Le lendemain, avec le même zèle, chacun va recevoir les cendres et tous les jours de carême quelque église désignée comme station avec indulgence devient le but général des promeneurs.
Nous sommes maintenant remis au travail, mais j'espère faire encore à Pâques une petite excursion. Mes engelures sont guéries.
Je n'ai reçu depuis que je vous ai écrit qu'une lettre, c'est d'Édouard Foucamprez. J'ai pour condisciple un de ses anciens professeurs. Je lui répondrai bientôt. Nous avons eu ici pendant un mois le directeur du collège Stanislas, je lui parlais quelquefois de Paul Borgnon et il m'en a fait l'éloge1.

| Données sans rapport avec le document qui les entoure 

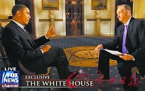 奧巴馬(左)接受福克斯新聞臺現(xiàn)場直播主持人奧賴?yán)麑TL。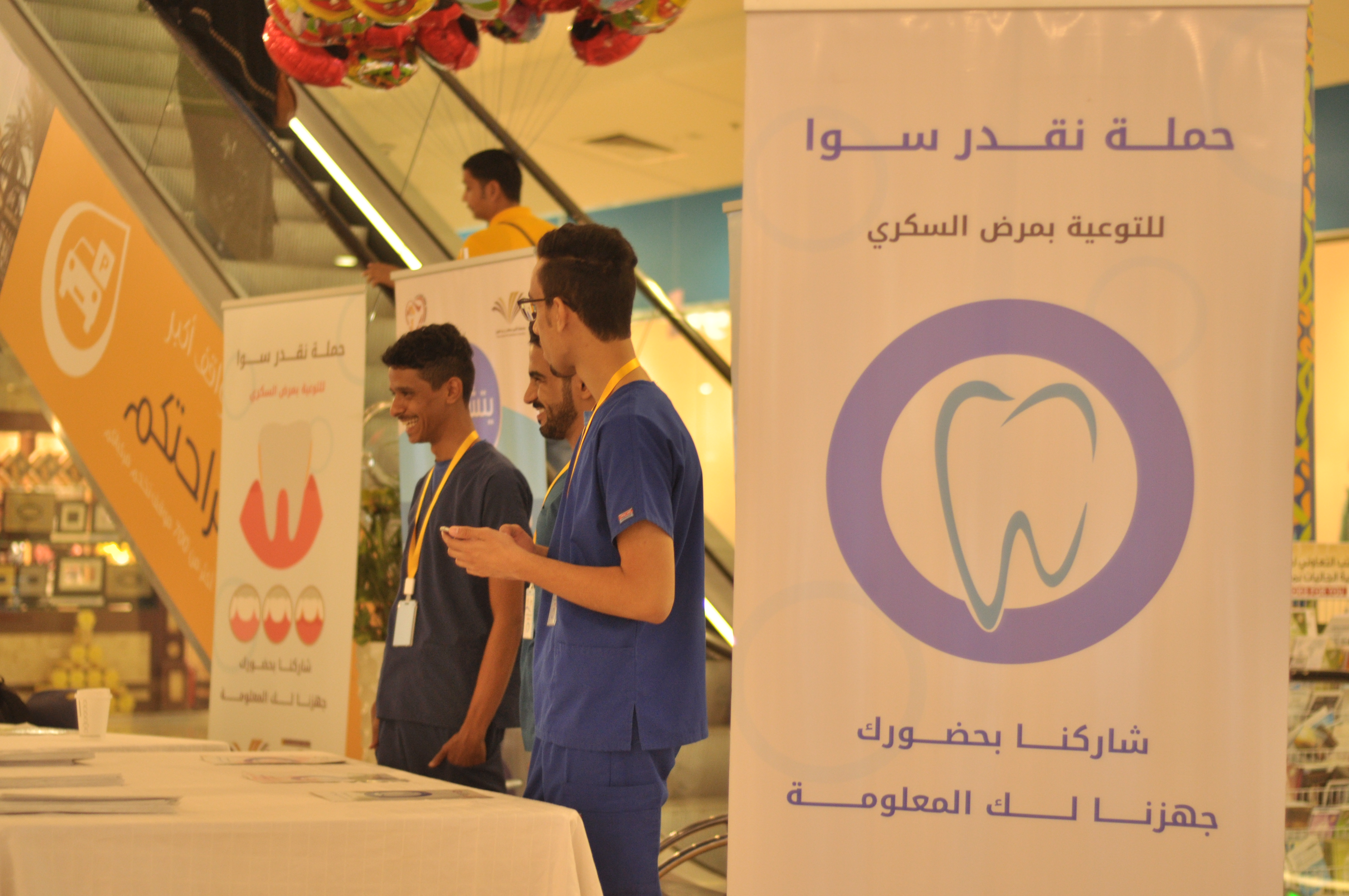 نظمت كلية طب الأسنان حملة نقدر سوا للتوعية بمرض السكري يوم الجمعة الماضي بالحديثي مول و قد شهدت الحملة العديد من الانشطة حيث قام طلاب الكلية بتوعية الزوار بمرض السكري و تأثيره على الاسنان و كيفية تجنب أثاره و العناية بالاسنان. بالاضافة لقيامهم بقياس مستوى السكر في الدم و قياس ضغط الدم ايضا كما قدم الطلاب هدايا رمزية للحضور.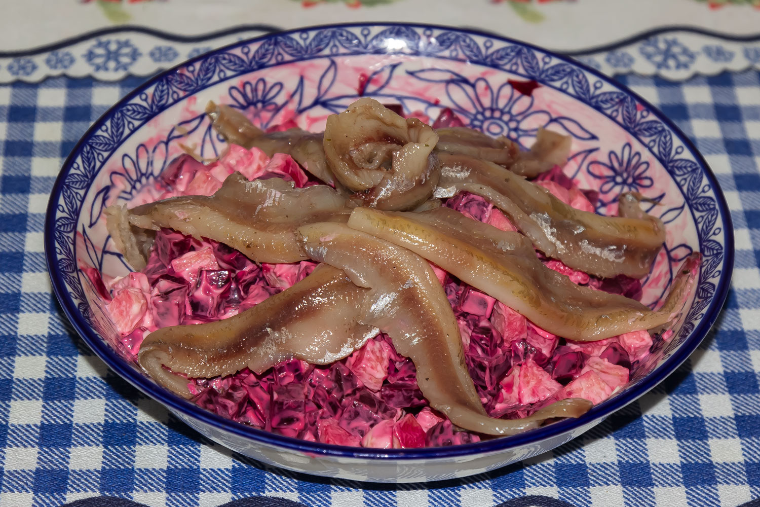 смешать с рубленым чесноком и заправить майонезом. На горку винегрета выложить кусочки очищенной мякоти мойвы.

J'espère avoir vers le 15 mars la visite du cousin Palant s'il vient avec la caravane, et pour les fêtes de Pâques je compte voir quelques connaissances2.
Continuez à me donner des détails sur toute la famille. Vos lettres sont assez rares, qu'elles soient longues, c'est pour moi une grande jouissance.
J'ai fait visite récemment et reçu bon accueil chez le prince Borghèse, Mgr de Mérode et Mgr Place3.
Je vous embrasse mille fois et vous prie d'embrasser pour moi toute la famille, surtout Henri et Laure et de faire mes compliments aux personnes qui s'intéressent à moi.
Votre dévoué fils
L. Dehon
1 Cet Édouard Foucamprez ne peut être l'oncle Foucamprez lui-même (cf. LD 34, note 1), dont le jeune prêtre du Nord, M. Cognard, n'a évidemment pu être professeur au collège de Marcq. De l'oncle Foucamprez, la généalogie ne signale qu'une fille Marie-Erminie-Clémence. Peut-être s'agit-il de quelque neveu du côté Foucamprez. Paul Borgnon, fils de Mme Borgnon (LD 21, LD 33).
2 Le cousin Palant, sans doute l'abbé Palant dont le voyage à Rome est évoqué en LD 37.
3 Mgr de Mérode (cf. LD 31, note 5, et LD 32, 33, 37). Mgr Place (cf. LD 39). Le prince Borghèse (Marcantonio V, 1814-1886), de l'illustre famille romaine et princière dont l'un des membres, Camillo, avait épousé en 1803 Pauline, sœur de Napoléon. Auprès du prince Borghèse, Léon Dehon avait été introduit, lors de son passage à Rome en juin 1864, sur recommandation de Mgr Dupanloup (NHV IV, 97).